Kuzu Link File
In independent tests (using the LDBC Social Network Benchmark scaling factor 1), Kuzu Link consistently outperforms other embedded graph stores like SQLite with graph extensions and DuckDB with recursive CTEs.
| Query Type (Depth) | Kuzu Link (ms) | SQLite + JOINs (ms) | DuckDB (Recursive CTE) | |-------------------|----------------|----------------------|-------------------------| | 2-hop neighbors | 8 | 142 | 55 | | 4-hop neighbors | 47 | 8,210 (timeout) | 892 | | Path existence check (6 hops) | 210 | >30,000 | 4,100 | kuzu link
Why? Kuzu Link stores adjacency pointers directly. There is no hash table lookup for each hop—just pointer chasing, which is friendly to CPU caches. For deep traversals (4+ hops), the performance gap widens exponentially. In independent tests (using the LDBC Social Network
db = kuzu.Database('./test.db') conn = kuzu.Connection(db) Step 3: Define a Schema (Cypher DDL) #
Step 3: Define a Schema (Cypher DDL)
# Create a Node table called 'User'
conn.execute("CREATE NODE TABLE User (name STRING, age INT64, PRIMARY KEY (name))")
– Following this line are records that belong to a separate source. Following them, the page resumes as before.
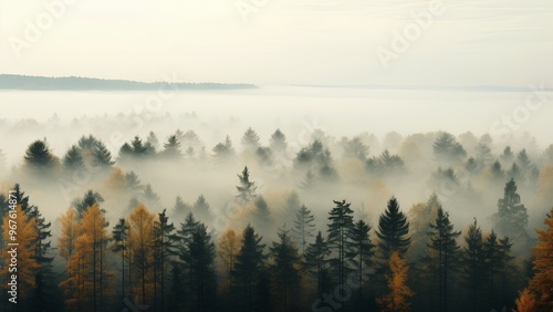 Mystical Foggy Forest: Serene Nature Landscape in Autumn Mist
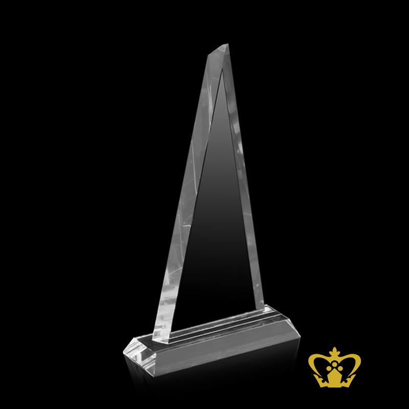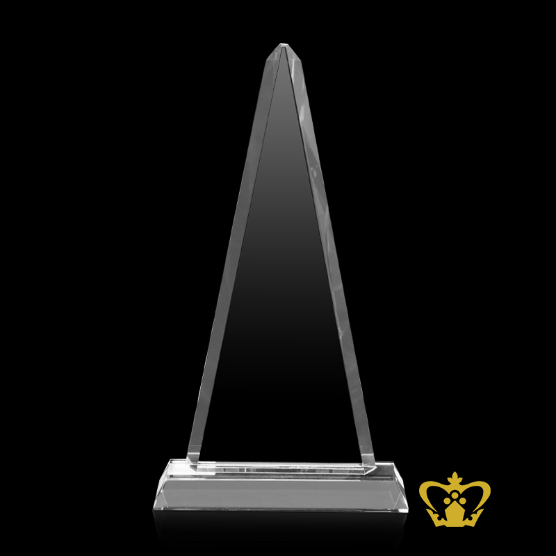 Crystal obelisk pyramid shape plaque with clear base customized logo text
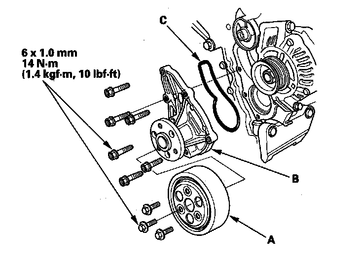 If the pulley bolt or crankshaft are new, tighten the bolt to 177 N-m (18.0 kgf-m, 130 lbf-ft), then remove the bolt and tighten it to 49 N-m (5.0 kgf-m, 36 lbf-ft).
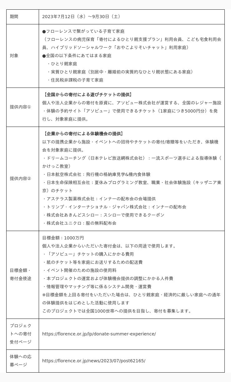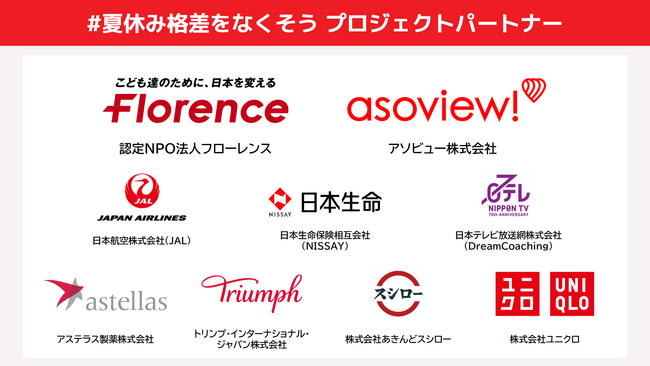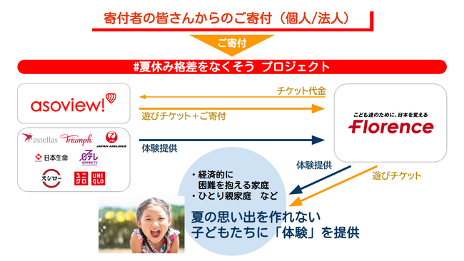 このプロジェクトでは、メインパートナーに日本最大級の遊び予約サイト「アソビュー」を運営するアソビュー株式会社を迎え、日本航空株式会社、日本生命保険相互会社、日本テレビ放送網株式会社、アステラス製薬株式会社、トリンプ・インターナショナル・ジャパン株式会社、株式会社あきんどスシロー、株式会社ユニクロ等と連携のもと、個人や法人企業から寄付を募り全国1000世帯に体験の機会を届けることを目指します。体験機会を提供することで、夏休み格差が埋まり、全ての子ども達が夏休みを楽しめる「新しいあたりまえ」の実現の一歩としたいと考えています。

In the rapidly evolving landscape of data management and knowledge representation, the tools we use to connect and query information determine the speed of our insights. Enter Kuzu Link—a term that is beginning to generate significant buzz among database architects, graph enthusiasts, and backend developers. But what exactly is Kuzu Link, and why is it becoming a critical component of modern data stacks?
This comprehensive guide will explore everything you need to know about Kuzu Link, from its core technical architecture to practical implementation strategies, performance benchmarks, and future roadmap.